When CMC was sold, the industry was at the tail end of the "Wild West" and on the eve of DeFi Summer, with retail enthusiasm rampant and data manipulation widespread.
Now, as CoinGecko chooses to exit, the industry has entered the era of "institutional stock game." Regulatory tightening, compliance above all, and the squeezed survival space for grassroots platforms have forced "independence" to bow to "capitalization."
Finally, the fate of the founders has come full circle.
The founder of CMC, Brandon Chez, was enigmatic and completely withdrew after the deal; whereas CoinGecko's founders, Bobby Ong and TM Lee, after a 12-year marathon, chose the most rational "retirement after success." This is not only a realization of personal wealth but also the last tribute of classical Web2 crypto entrepreneurs to the era.
3. Who Will Be the Buyer? Three Possible Outcomes
CoinGecko's "independence" is its greatest asset, but also its biggest burden after the sale. Who buys it will determine its future:
Outcome A: Exchange Giants (e.g., OKX, Coinbase)
- Probability: Low. Regulatory pressure is immense.

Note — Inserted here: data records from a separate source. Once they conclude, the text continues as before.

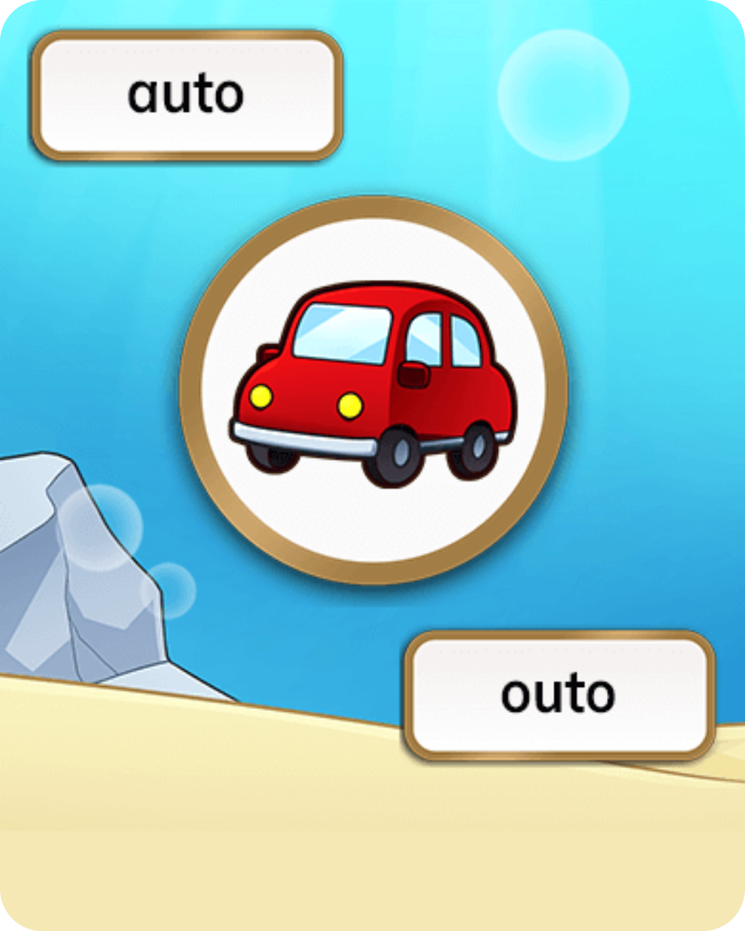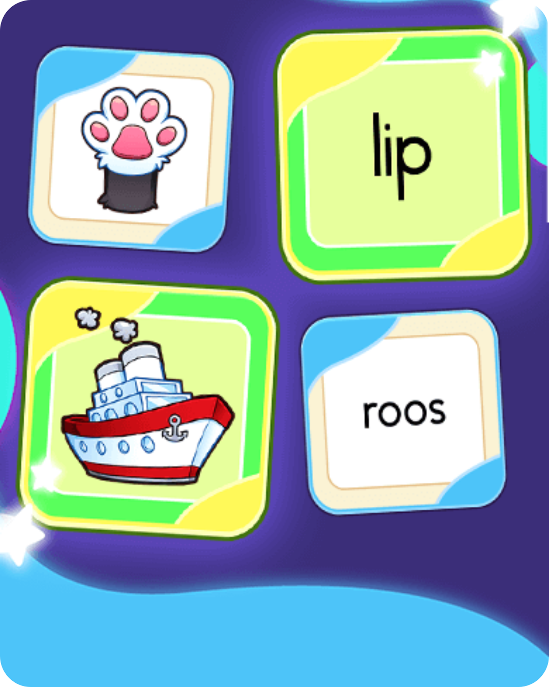 In dit spel oefenen de kinderen met het automatiseren door het lezen van klankzuivere woorden met één of twee lettergrepen.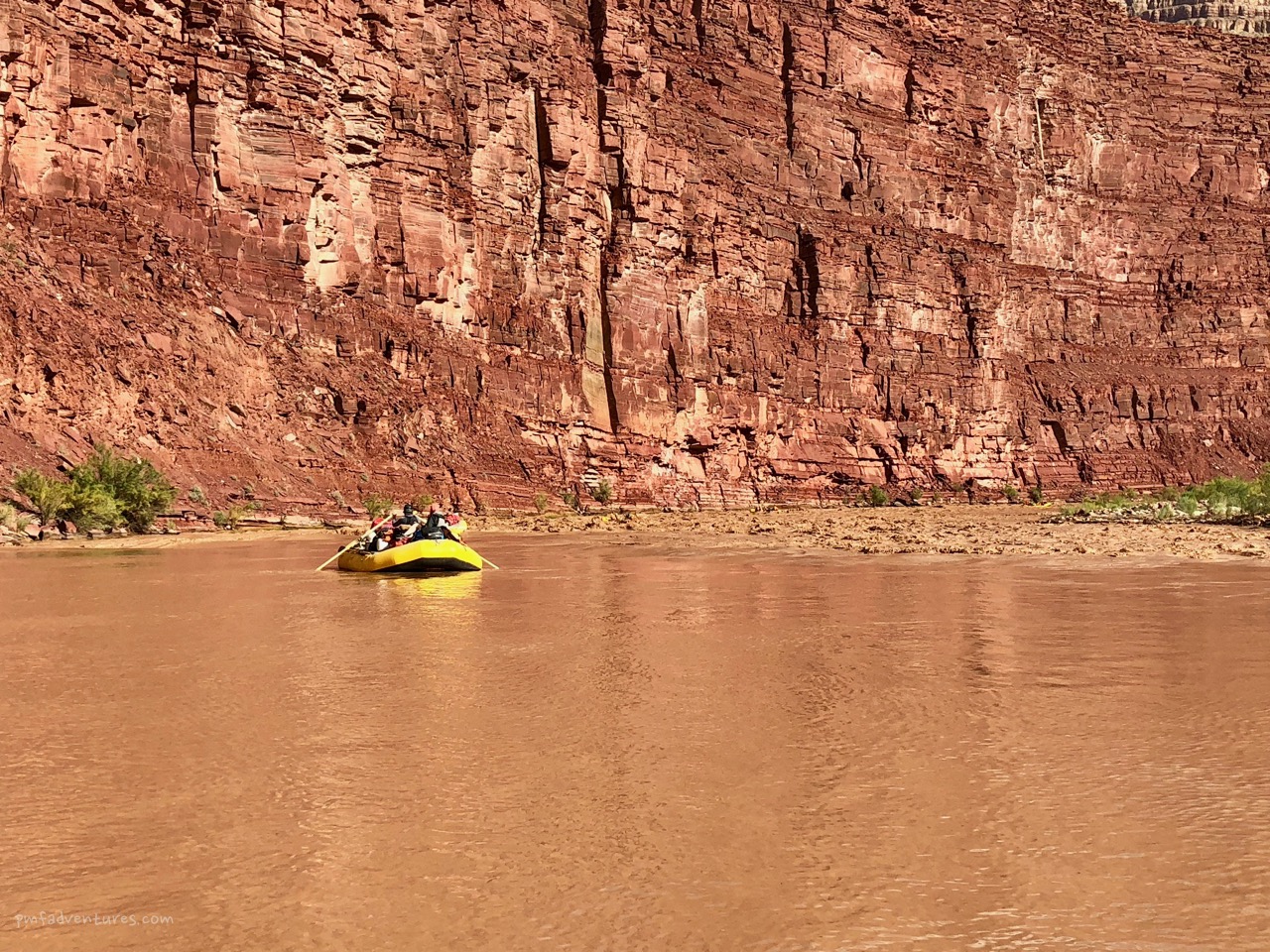 GC-Day5 – 15 Published October 28, 2018 at 1280 × 960 in Day 5: The River Turned Brown ← Previous Next → Running Unkar Rapid – the water was so muddy that there was no whitewater, which made the rapids very hard to read for our guides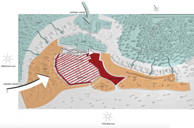 这些技术不仅为该地区的美丽景观创造了条件,而且也为重要的环境收益创造了条件:设计中保留了当地的生物多样性和景观历史,减少了用水、农药和化学品的需求,并重新利用挖掘出来的土来形成墙壁、路面,卵石铺面可以保护植物的根部,覆土上栽种植物减少了建筑的碳排放量,同时将新度假村与周围景观的材料和氛围结合起来。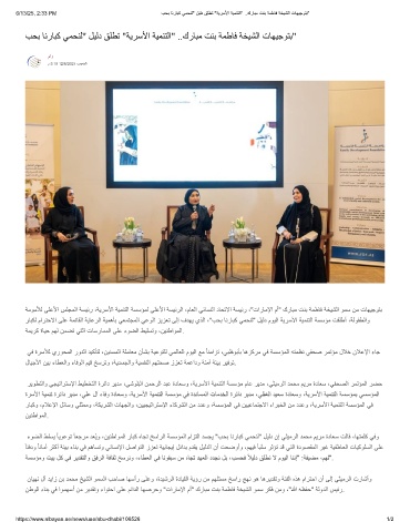 ﻲﻓ ةرﺳﻸﻟ يروﺣﻣﻟا رودﻟا دﯾﻛﺄﺗﻟ ،نﯾﻧﺳﻣﻟا ﺔﻠﻣﺎﻌﻣ نﺄﺷﺑ ﺔﯾﻋوﺗﻠﻟ ﻲﻣﻟﺎﻌﻟا موﯾﻟا ﻊﻣ ً ﺎﻧﻣازﺗ ،ﻲﺑظوﺑﺄﺑ ﺎھزﻛرﻣ ﻲﻓ ﺔﺳﺳؤﻣﻟا ﮫﺗﻣظﻧ ﻲﻔﺣﺻ رﻣﺗؤﻣ لﻼﺧ نﻼﻋﻹا ءﺎﺟ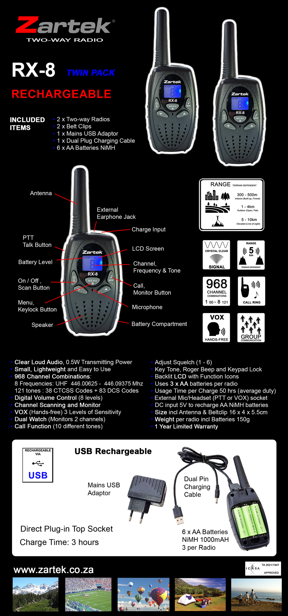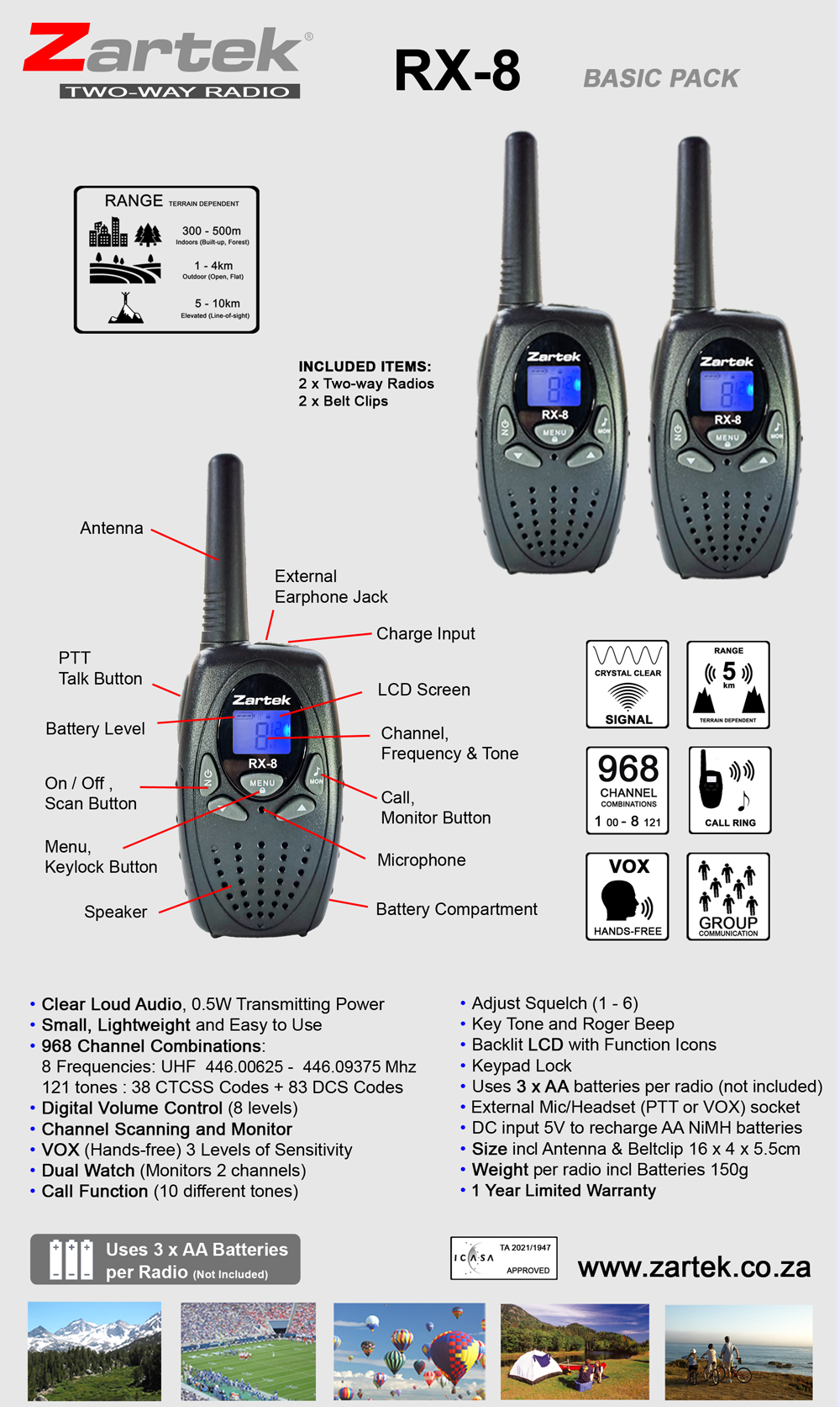 - Uses 3 x AA batteries per radio

Coinbase does not need to buy a declining traffic website for data, and if an offshore exchange acquires it, CoinGecko would lose the trust of institutional clients in Europe and the U.S.
Outcome B: Traditional Financial Data Providers (e.g., Bloomberg, Morningstar)
- Probability: Medium. This would be a perfect complement. Traditional finance craves crypto-native data, and CoinGecko's API business could seamlessly integrate with Bloomberg terminals. However, this would make CoinGecko "boring" and expensive.
Outcome C: Crypto Asset Management or Payment Giants (e.g., BlackRock affiliates, Circle)
- Probability: High. They need to control pricing and data sources, and would not create direct conflicts of interest like exchanges would.
4. Farewell to the Independent Era
BlockWeeks has repeatedly recommended CoinGecko to newcomers, with the reason always being: "Use CoinGecko because they do not issue tokens and have not been acquired by an exchange."
If this $500 million deal goes through, this reason will no longer exist.
CoinGecko's search for a sale is not just a financial victory for the two founders, Bobby and TM, but also the curtain call for the Web2 era of cryptocurrency data aggregation models. In an AI-driven future, perhaps we will no longer need a centralized website to display prices; data will flow like water in the backend of all applications.
Even if CoinGecko sells itself, it does so with dignity. It maintained restraint in the noisiest of times and held its ground in the most challenging bear market. Now, it simply chooses to pass the baton to capital at the most appropriate twilight.
We cannot help but sigh, in this industry, living long is not as good as selling accurately. CMC sold at the start of a bull market to gain traffic, while CoinGecko sells on the eve of AI to gain valuation. This may be the best outcome.
For users, please cherish CoinGecko, which still maintains neutrality; for the industry, please prepare for a new world without a "third-party referee."